## Task instructions
The answer must reproduce the listing exactly, with every picture left out.
##########
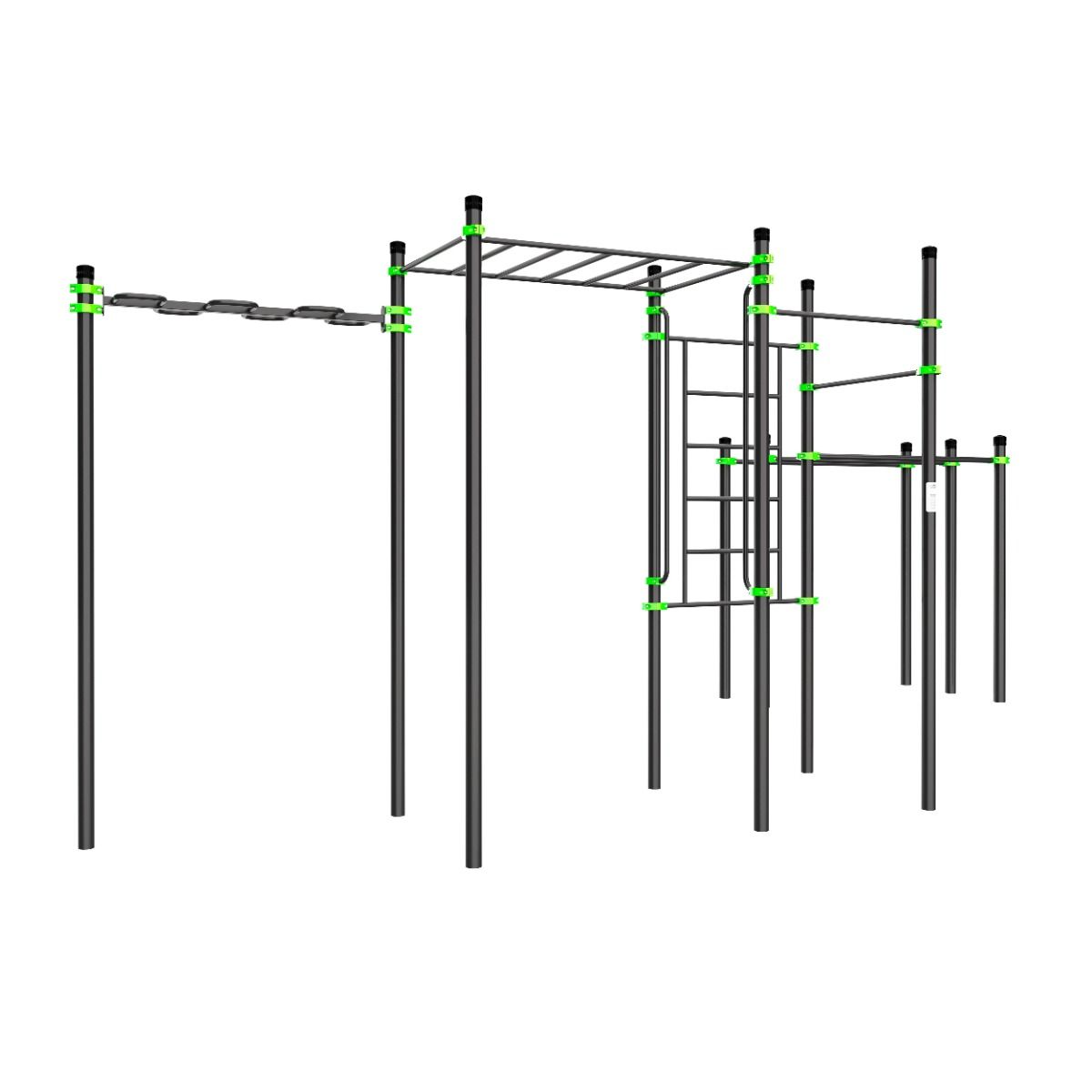В состав комплекса входит 12 опорных столбов: шесть высотой 3600 мм, пять высотой 2100 мм и один высотой 3300 мм.
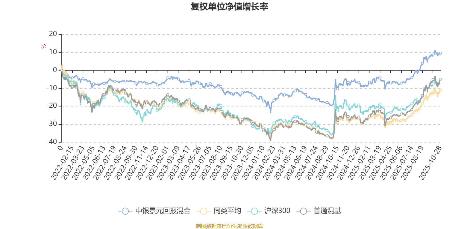 截至10月28日,中银景元回报混合近三个月复权单位净值增长率为9.72%,位于同类可比基金71/134;近半年复权单位净值增长率为18.27%,位于同类可比基金75/134;近一年复权单位净值增长率为18.31%,位于同类可比基金65/130;近三年复权单位净值增长率为17.72%,位于同类可比基金66/119。
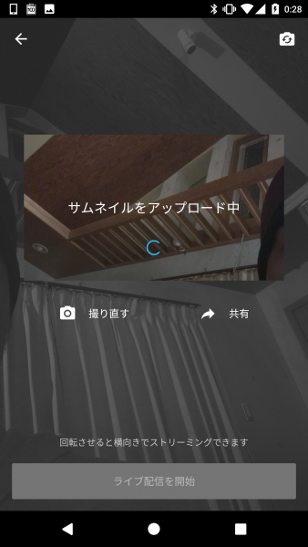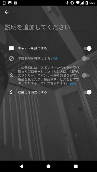 サムネイルを撮影したら “ライブ配信を開始” をタッチすることですぐにライブ配信が行える模様です。ちなみに配信前の設定としてチャットの ON / OFF と収益化の ON / OFF の設定できました。
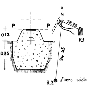 | Materializzazione | Segnale sulla parte più elevata dell'altura in località omonima, in prossimità dello spigolo, a sinistra del viale che conduce alla casa colonica. Centrino di superficie in blocco di calcestruzzo. Riferimenti: Due come da pianta. |
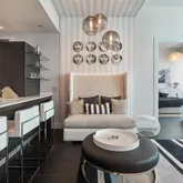 professionally fully furnished and fully equipped. Enjoy the breathtaking & beautiful city views. One assigned parking space and deeded storage. Full-service building, with state of the art gym, wellness center with treatment rooms, sauna, conference room, 6 sparkling pools and bar area and meeting's room. Exquisite restaurant Zuma is located in the building. Elevated living in the heart of downtown...This elegant, beautiful, and unique residence is offered with amazing 2 Bedrooms and 2.5 bathrooms,
##########
## Answer to this task
В состав комплекса входит 12 опорных столбов: шесть высотой 3600 мм, пять высотой 2100 мм и один высотой 3300 мм.
 截至10月28日,中银景元回报混合近三个月复权单位净值增长率为9.72%,位于同类可比基金71/134;近半年复权单位净值增长率为18.27%,位于同类可比基金75/134;近一年复权单位净值增长率为18.31%,位于同类可比基金65/130;近三年复权单位净值增长率为17.72%,位于同类可比基金66/119。
 サムネイルを撮影したら “ライブ配信を開始” をタッチすることですぐにライブ配信が行える模様です。ちなみに配信前の設定としてチャットの ON / OFF と収益化の ON / OFF の設定できました。
 | Materializzazione | Segnale sulla parte più elevata dell'altura in località omonima, in prossimità dello spigolo, a sinistra del viale che conduce alla casa colonica. Centrino di superficie in blocco di calcestruzzo. Riferimenti: Due come da pianta. |
 professionally fully furnished and fully equipped. Enjoy the breathtaking & beautiful city views. One assigned parking space and deeded storage. Full-service building, with state of the art gym, wellness center with treatment rooms, sauna, conference room, 6 sparkling pools and bar area and meeting's room. Exquisite restaurant Zuma is located in the building. Elevated living in the heart of downtown...This elegant, beautiful, and unique residence is offered with amazing 2 Bedrooms and 2.5 bathrooms,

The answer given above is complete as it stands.